29/12/2023
Buona sera,
a seguito dell’articolo pubblicato intendiamo presentare la reale situazione nota anche a tutti gli enti provinciali e locali, che non ha nulla a che vedere con quanto di familiare riportato.
In tutti i comprensori sciistici l’accesso alle piste da sci è’ consentito solo a sciatori, snowboard o attrezzi similari. Tale normativa è’ valida su tutto il territorio nazionale e viene applicata esclusivamente per la messa in sicurezza di sciatori e dei pedoni stessi.
Oltre ad essere prevista una sanzione per i trasgressori da parte delle forze dell’ordine presenti nei rispettivi comprensori, in caso di incidente la responsabilità ricadrebbe sul gestore degli impianti sciistici, il quale è’ tenuto a rispondere penalmente della mancata applicazione di tale normativa.

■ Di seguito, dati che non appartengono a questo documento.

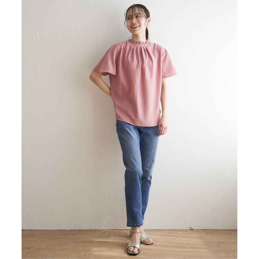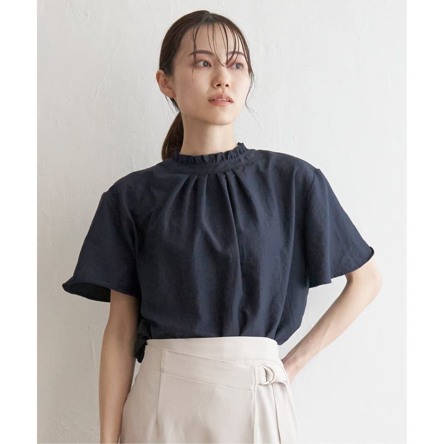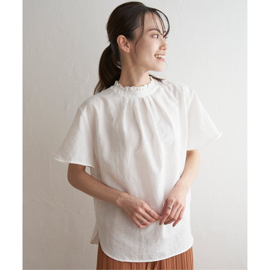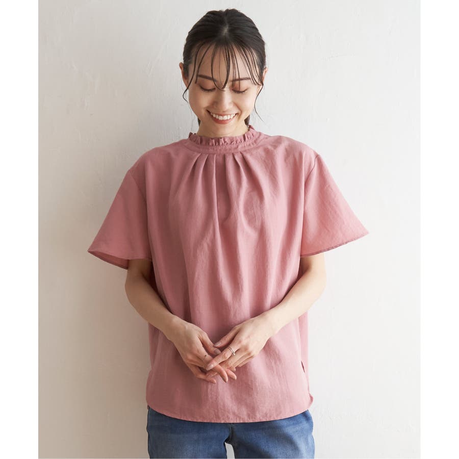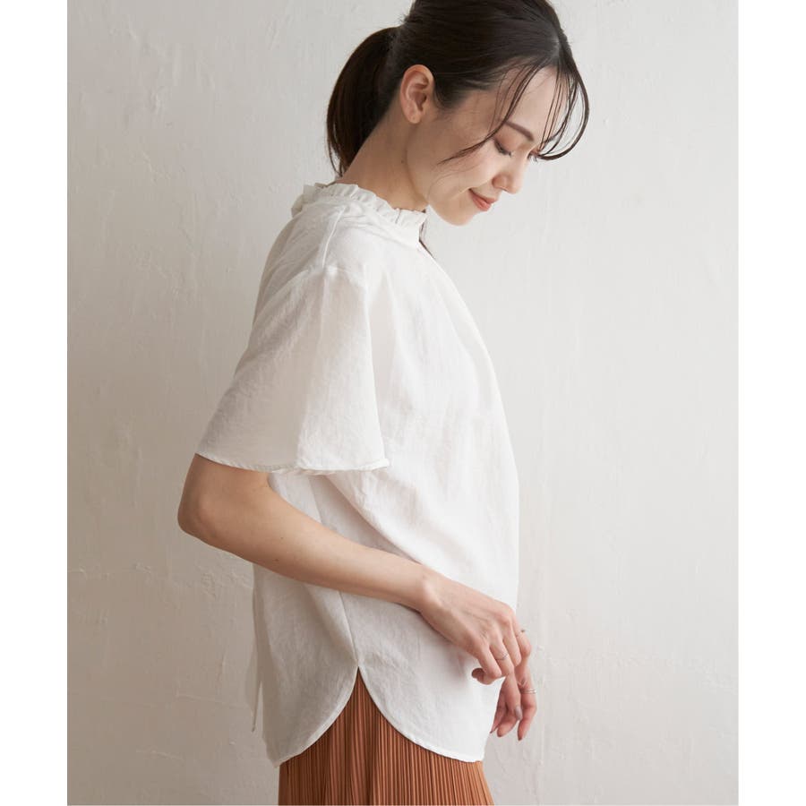 ikka 定番の襟フリルブラウスの半袖バージョン。

Anche al Passo Rolle, come in qualsiasi altro comprensorio, vige tale decreto ed è’ esclusivamente per questo motivo che la società ha l’obbligo di installare reti e cartelli per evitare che pedoni e scialpinisti attraversino le piste mettendo a rischio la loro incolumità e quella degli sciatori stessi.
Per ovviare a tale problematica e consentire l’accesso dei pedoni ai rifugi Capanna Cervino e Baita Segantini, la società impianti Castellazzo nei mesi scorsi ha progettato un percorso alternativo, dedicato esclusivamente a pedoni e scialpinisti, che non prevedesse attraversamenti in pista.

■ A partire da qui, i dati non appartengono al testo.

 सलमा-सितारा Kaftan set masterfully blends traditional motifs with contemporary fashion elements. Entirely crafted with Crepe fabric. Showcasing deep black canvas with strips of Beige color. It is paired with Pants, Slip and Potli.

Tale progetto, anche a seguito di un sopralluogo da parte del Demanio, è’ stato presentato dal Presidente del Consorzio durante una riunione indetta dall’APT appositamente con questo unico ordine del giorno.
Durante la riunione, alla quale hanno partecipato gli esercenti, enti politici e competenti in materia interessati, per procedere alla creazione di tale sentiero è’ stata richiesta la disponibilità, o la nomina di un incaricato, ad assumere la gestione di tale sentiero durante la stagione invernale, al fine di consentire a pedoni e scialpinisti una salita e discesa in sicurezza.
Purtroppo, nonostante vi fossero tutti i presupposti a realizzare tale soluzione, nessuno dei principali interessati ha espresso l’intenzione ad assumersi tale incarico, invalidando così la proposta presentata.
Oltretutto, dispiace e sorprende notare ora, che nonostante anche i principali interessati presenti alla riunione (Capanna Cervino e Proloco Passo Rolle) non abbiano voluto approfondire tale proposta, gli stessi ora incolpino la società impianti di non voler mettere a rischio la sicurezza dei propri sciatori e ad assumersi una responsabilità, ricordiamo, di carattere penale.
Ribadiamo quindi di aver fatto tutto il possibile al fine di trovare una soluzione che favorisca la sicurezza di tutti e la valorizzazione del turismo al Passo Rolle, invitando nuovamente gli esercenti interessati a rivalutare la soluzione proposta.
Auspicando nella giusta comprensione, ringraziamo per l’attenzione.